INFORMATION SUPPLIED Block Start

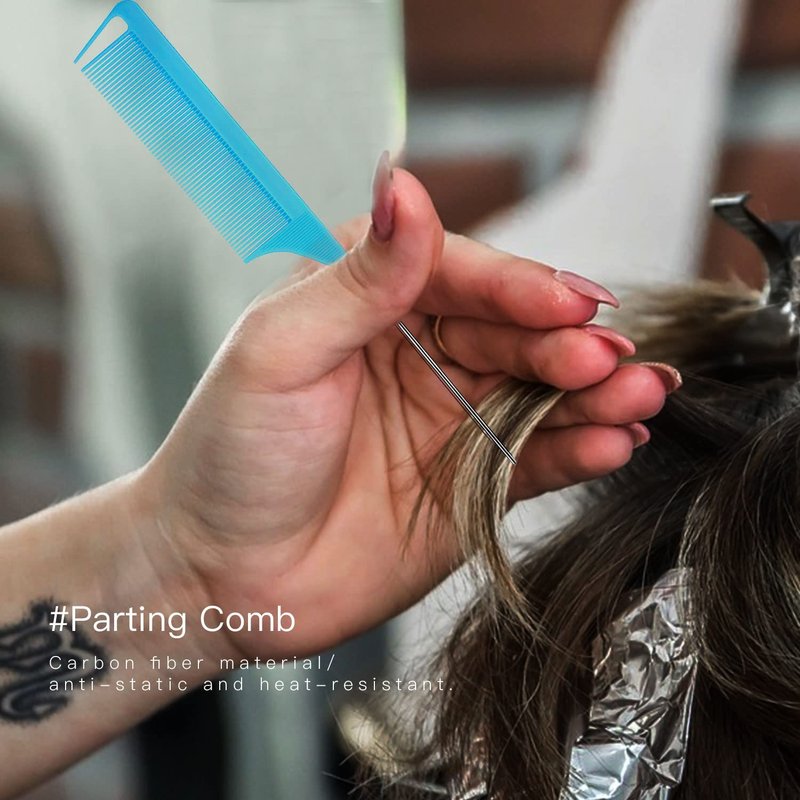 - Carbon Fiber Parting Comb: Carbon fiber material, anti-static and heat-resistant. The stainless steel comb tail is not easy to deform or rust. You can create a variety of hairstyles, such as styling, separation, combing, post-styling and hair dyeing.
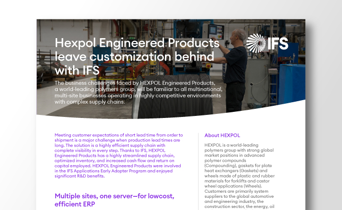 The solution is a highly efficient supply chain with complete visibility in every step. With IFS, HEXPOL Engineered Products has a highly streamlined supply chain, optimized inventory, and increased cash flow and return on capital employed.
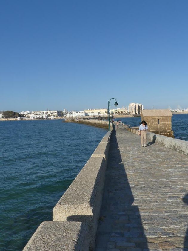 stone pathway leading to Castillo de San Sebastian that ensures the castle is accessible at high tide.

INFORMATION SUPPLIED Block End

* [WORK REQUIRED]: Take the listing above and print it exactly, apart from the pictures.

* [WRITTEN SOLUTION]:
 - Carbon Fiber Parting Comb: Carbon fiber material, anti-static and heat-resistant. The stainless steel comb tail is not easy to deform or rust. You can create a variety of hairstyles, such as styling, separation, combing, post-styling and hair dyeing.
 The solution is a highly efficient supply chain with complete visibility in every step. With IFS, HEXPOL Engineered Products has a highly streamlined supply chain, optimized inventory, and increased cash flow and return on capital employed.
 stone pathway leading to Castillo de San Sebastian that ensures the castle is accessible at high tide.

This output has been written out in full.